Clark and Trump, according to the Times, hatched a plan to have Clark installed as attorney general, so he could use the nation’s top law enforcement office to pressure Georgia officials to reverse the election results, which were recounted twice and each time affirmed that President Joe Biden had won the state.

When other top officials at the Department of Justice heard about the plot, they threatened to resign en masse, heading off the effort, according to the Times.

Clark has told the Times that its portrayal is inaccurate, but has declined to specify how. He didn’t respond to a message seeking comment Monday. The Justice Department’s inspector general said Monday that it would investigate whether “any former or current D.O.J. official engaged in an improper attempt to have D.O.J. seek to alter the outcome of the 2020 presidential election.”

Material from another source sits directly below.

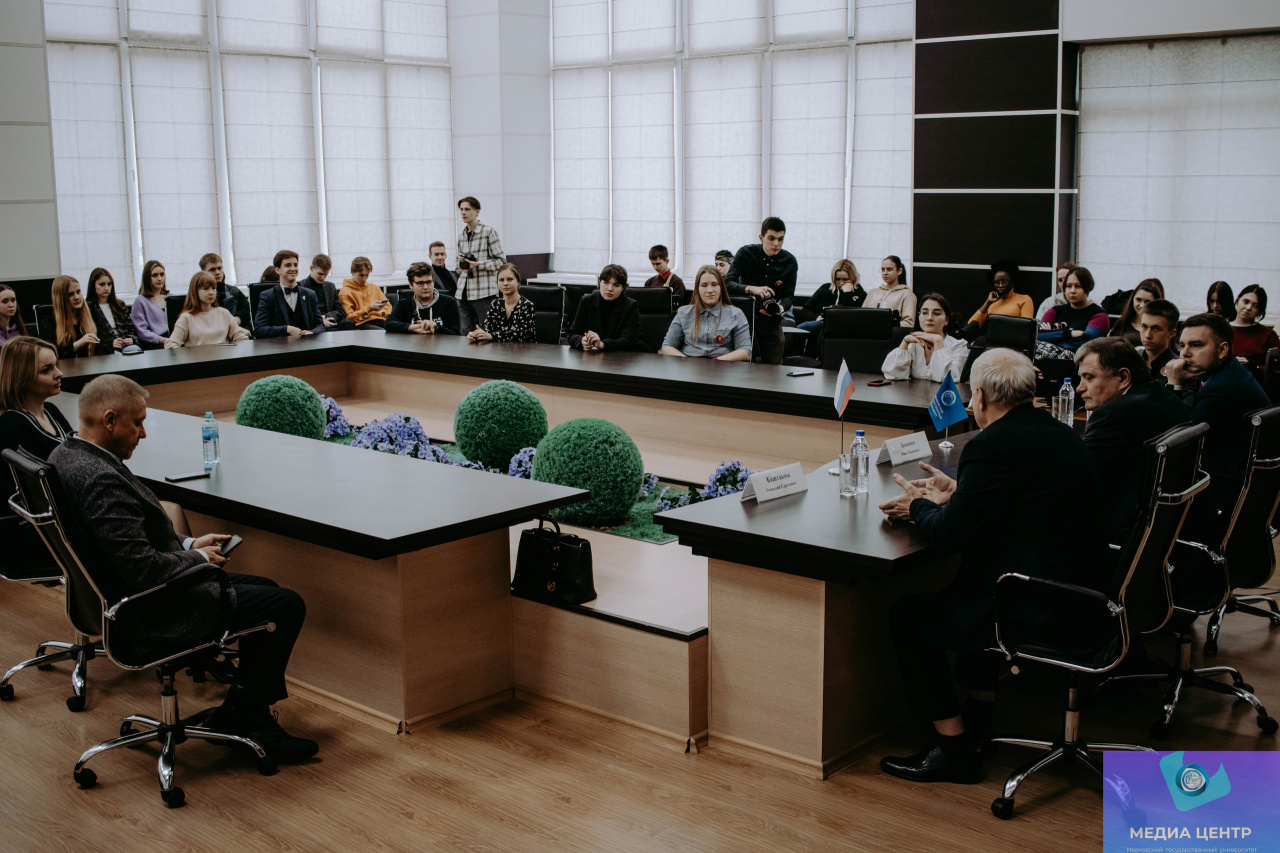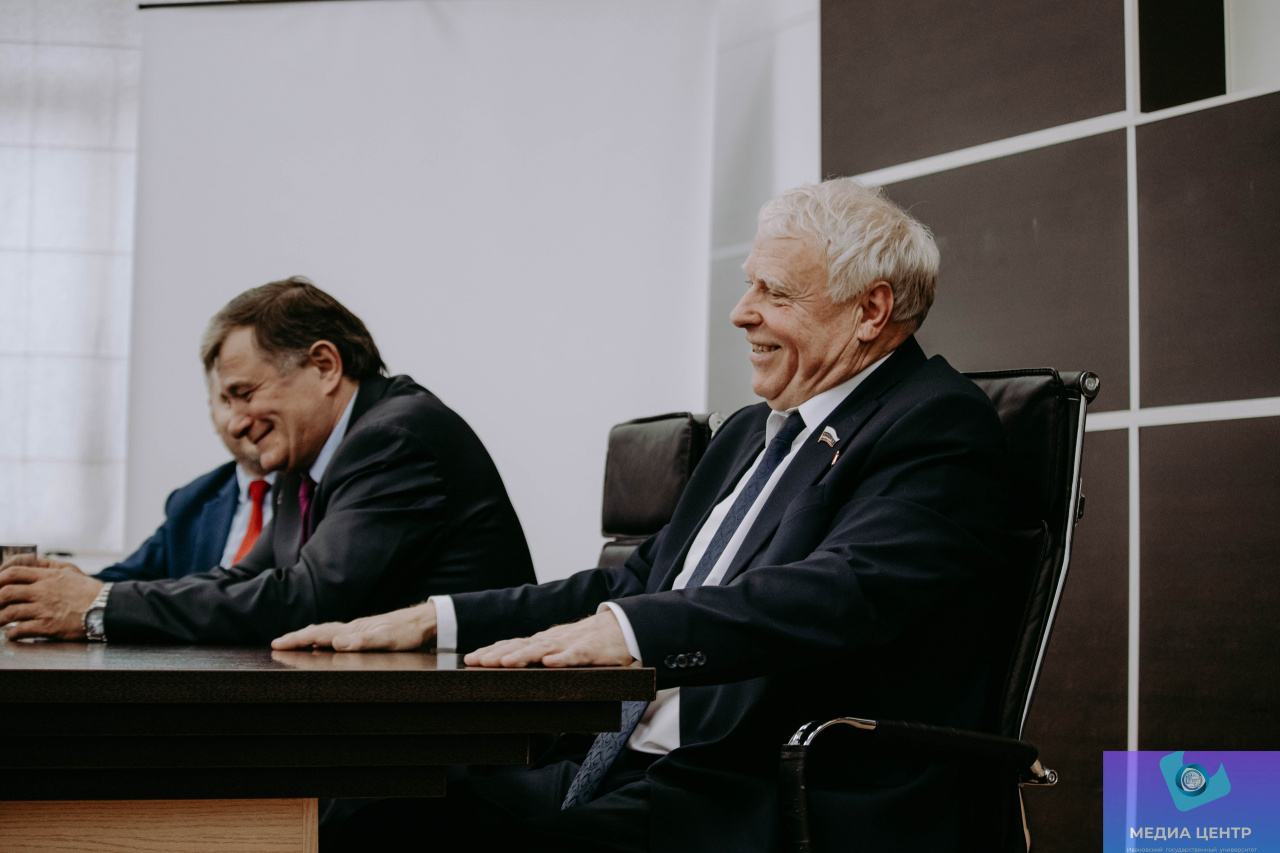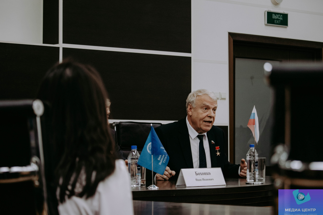 2 ноября в конференц-зале 6-го учебного корпуса ИвГУ в рамках проекта «Диалог с героем» состоялась встреча с людьми, отмеченными высшей наградой государства – Звездой Героя. Перед собравшимися выступили Герой Социалистического труда Геннадий Сергеевич Баштанюк и Герой Российской Федерации генерал-лейтенант Иван Иванович Бохонко.

» READ MORE: Fact-checking false claims about Pennsylvania’s presidential election by Trump and his allies

Perry, a member of the hard-right Freedom Caucus which spent months amplifying Trump’s false claims of a stolen election, was one of the House leaders in the GOP push to block Pennsylvania’s Electoral College votes from being counted. He later claimed the state’s procedures were unconstitutional and that as a result, all of the state’s nearly 7 million votes should be thrown out. Numerous courts have rejected such arguments.

Perry’s push included taking to the House floor hours after the Jan. 6 attack at the Capitol, itself fueled by a false belief in voter fraud, to proclaim that Pennsylvania’s election was unconstitutional. In a speech, Perry decried ”lawlessness” by Pennsylvania Secretary of State Kathy Boockvar, though courts have shot down challenges to her actions.

It’s not clear how much Perry knew about the plan between Trump and Clark to try to change the Georgia results. But Pennsylvania Democrats have demanded “accountability,” without specifying what that would entail.

Perry’s office declined an interview request Monday.

» READ MORE: First it was ‘fraud,’ then they just didn’t like the rules: How Pa. Republicans justified trying to overturn an election

“Rep. Perry’s attempt to compromise our justice system is a disgrace. For months, he’s spread lies and placed his political ambitions above the will of voters and the democracy he swore to protect,” Gov. Tom Wolf, a Democrat, tweeted Monday. “Pennsylvanians deserve better from their leaders. He must be held accountable.”

Attorney General Josh Shapiro tweeted Sunday that “there must be consequences” for Perry’s conduct while U.S. Rep. Dwight Evans, a Philadelphia Democrat, tweeted with the hashtag “resignPerry.”

And U.S. Rep. Mary Gay Scanlon, a Delaware County Democrat, said Perry’s “efforts to politicize the DOJ were a disgraceful continuation of efforts to undermine our elections and perpetuate the lies which fueled the mob attack on our Capitol.”

“His support for overturning the 2020 election should disqualify him from serving in public office” she said on Twitter.

Clark, who lived in Tacony, is a 1985 graduate of Father Judge High School, where he was a member of the National Honor Society, active in several clubs, and worked on the school newspaper and yearbook, according to the school’s 1985 yearbook.

He received an undergraduate degree in 1989 from Harvard University, a master’s in urban affairs and public policy in 1992 from the University of Delaware and a law degree in 1995 from Georgetown University, according to his LinkedIn page. His political and professional career has been centered in Washington, including a combined 18 years as an associate and then partner at the law firm Kirkland & Ellis, interrupted for four years by his first service in the Department of Justice as a deputy assistant attorney general from 2001 to 2005.